Она видит лучшего друга Дэнни, Тома Миллера, с пластиковой медалью на шее. Усилием воли она заставляет себя подойти к нему, а не подбежать, и говорить спокойно, а не кричать:

– Том, Дэнни не говорил тебе, что собирается куда-то сегодня утром? Все в порядке, никаких проблем у него не будет.

Том только качает головой, и у Бэт нет оснований ему не верить. Со спокойствием в голосе, которое совершенно не соответствует ее внутреннему состоянию, Бэт просит мисс Шерез перезвонить ей, если Дэнни все-таки появится. Она начинает анализировать предпринятые шаги, чувствуя, как спину сверлит взгляд учительницы.

Краем глаза она видит, что Олли Стивенс, навострив уши, следит за ней. Бэт бесполезно крутится на месте, еще раз оглядывая поле школьного стадиона, но, во-первых, она наполовину ослепла от паники, а во-вторых, внутреннее чувство говорит ей, что Дэнни здесь нет. Так где же он тогда? В городе? На берегу? Она бежит к машине, на ходу нащупывая ключи.

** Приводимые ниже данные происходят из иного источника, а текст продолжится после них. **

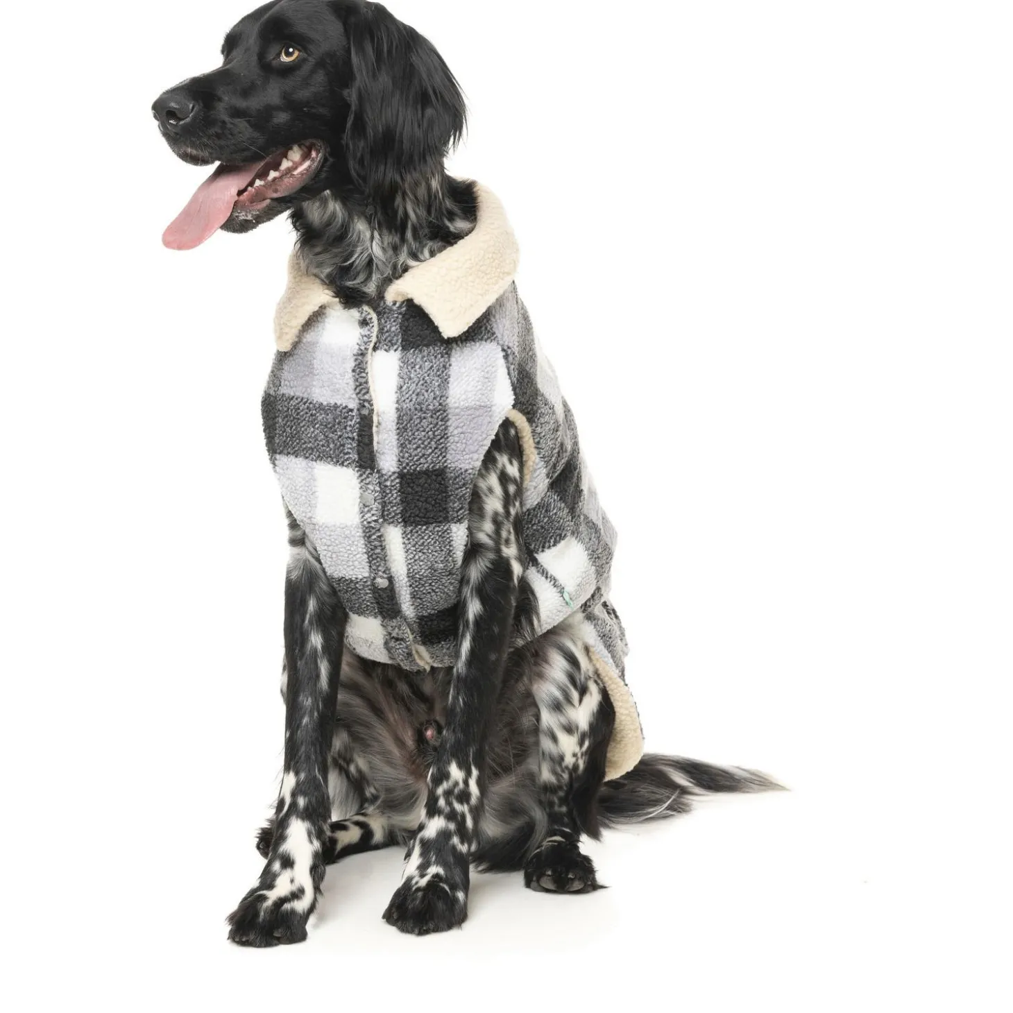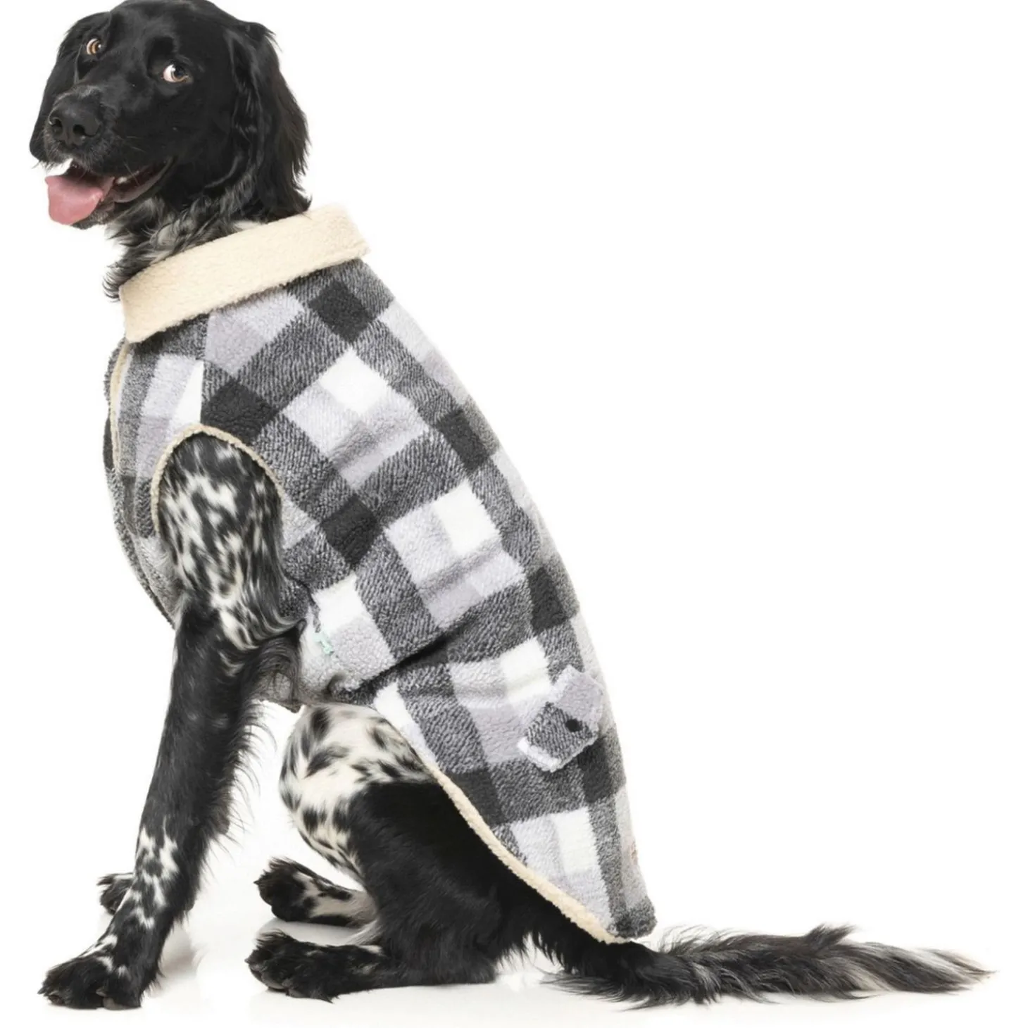 De jas is makkelijk aan te trekken met de drukknopen op de borst. The Lumberjack is gemaakt van klassiek flanel houthakkersfleece met een contrasterende beige nepbontvoering. Op de rug zit een opening waardoor je je looplijn kan vastmaken aan een eventueel tuig onder de jacket. De jas is verkrijgbaar in 7 maten. In de keuzeselectie wordt uitgegaan van de ruglengte.

Дорога в Бродчёрч поблескивает на горячем солнце. Выхлопные газы смешиваются с дымкой, отчего номерные знаки машин видны нечетко. Телефон Бэт лежит на пассажирском сиденье рядом с ней. Она постоянно проверяет его, перезагружает, проверяет громкость, уровень сигнала. Учеба в школах еще не закончилась, но на дорогах пробки, как в разгар запарки официального выходного дня в августе. Раздраженно сигналят машины. Несколько лет тому назад велись разговоры о том, чтобы расширить эту дорогу или построить объезд. Тогда Бэт была против, и теперь об этом жалеет. Пусть бы заасфальтировали весь пригород к чертовой матери, если бы это помогло ей сейчас быстрее попасть в город.

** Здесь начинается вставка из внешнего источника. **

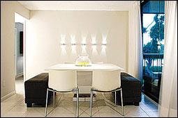 قد لا يفيد تنوع الألوان من أبيض وأزرق وأسود في أجواء المنزل بقدر الترتيب الداخلي الذي ينظم المكونات... ففي منزل اختير له الطراز البسيط في التصاميم، تعطى الأهمية للتصاميم التي تتوحد في الطابع العام وتتناغم في تأثيراتها حيث يفيد في هذه الحالة الأثاث بنماذجه العصرية التي تمتاز بالخفة واللون الواحد والتصميم المختلف والانفتاح، وكذلك الأغطية والكسوة التي تستخدم كأرضيات
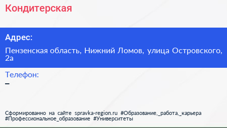 Кондитерская по адресу Пензенская область, Нижний Ломов, улица Островского, 2а в дальнейшем Организация, размещена в следующих категориях:
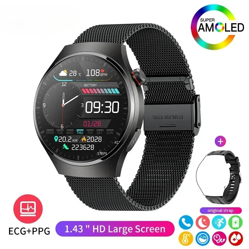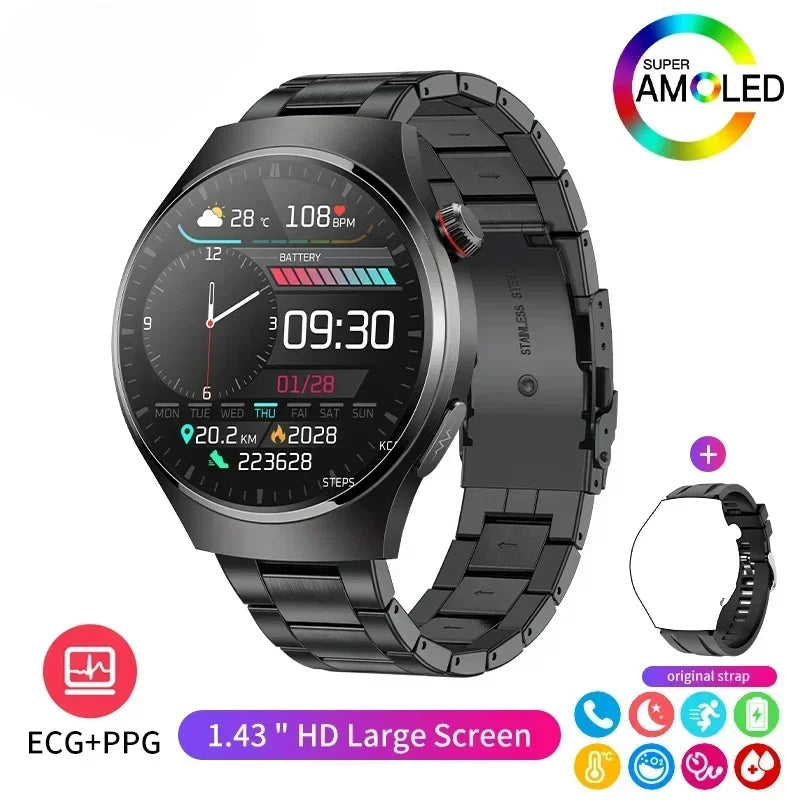 Bluetooth call, electrocardiogram, ECG+PPG, temperature monitoring, blood sugar monitoring, health monitoring, sleep monitoring, remote family and friend care, call rejection

Никто не любит пробок на дорогах, но Бэт по-настоящему ненавидит их. Ей даже кошмары такие снятся по ночам. Она и в лучшие времена не переносила, когда ее что-то ограничивало, что уж говорить теперь, когда ей просто необходимо двигаться, действовать. Она чувствует себя так, будто находится в закрытом стеклянном ящике, который быстро заполняется холодной водой. Она не может дышать. Проходит каких-то секунд пять, и она, распахнув двери, выскакивает на улицу и спрашивает у женщины в машине перед ней, что случилось.

– Говорят, на берегу полицейские, – отвечает она. – Похоже, нашли труп…

Труп. Полиция. На берегу. Труп. Полиция. На берегу.

Дэнни.

У Бэт такое ощущение, будто вся кровь из тела разом ринулась вниз, ударив в ступни, словно электрическим током. Оставив ключи в замке зажигания машины с включенным радио, она бросается бежать. Ее обгоняет полицейский фургон, который несется по встречной полосе, – когда он проезжает мимо, вой работающей сирены из-за эффекта Доплера меняет тон от низкого до пронзительно высокого и обратно. Бэт едва успевает прочесть надпись на борту: «КРИМИНАЛИСТИЧЕСКАЯ ЛАБОРАТОРИЯ». Она ускоряет бег. Ей кажется, что сейчас она в состоянии обогнать автомобиль.

3

Харди ненавидит ходить пешком по пляжу. С этим песком никогда не знаешь, на каком ты свете. Он уползает из-под подошв и обманывает тебя, замедляет твой ход. А  этот пляж, который буквально засасывает ноги, к тому же, из всех пляжей, похоже, так же ненавидит его, как он ненавидит их все, вместе взятые.

Полицейские как раз выставили ограждение, чтобы сдержать растущую, несмотря на раннее утро, толпу зевак с подстилками для пляжа в сумках. Над головой кружит вертолет, и шум его винтов глушит разговоры. Харди следит, как какой-то констебль разматывает катушку с лентой для ограждений, но все это лишь до тех пор, пока он не огибает мысок, а там на берегу…

Такое впечатление, что ось вращения земли внезапно резко наклонилась, и Харди беспомощно хватается за воздух, чтобы не упасть.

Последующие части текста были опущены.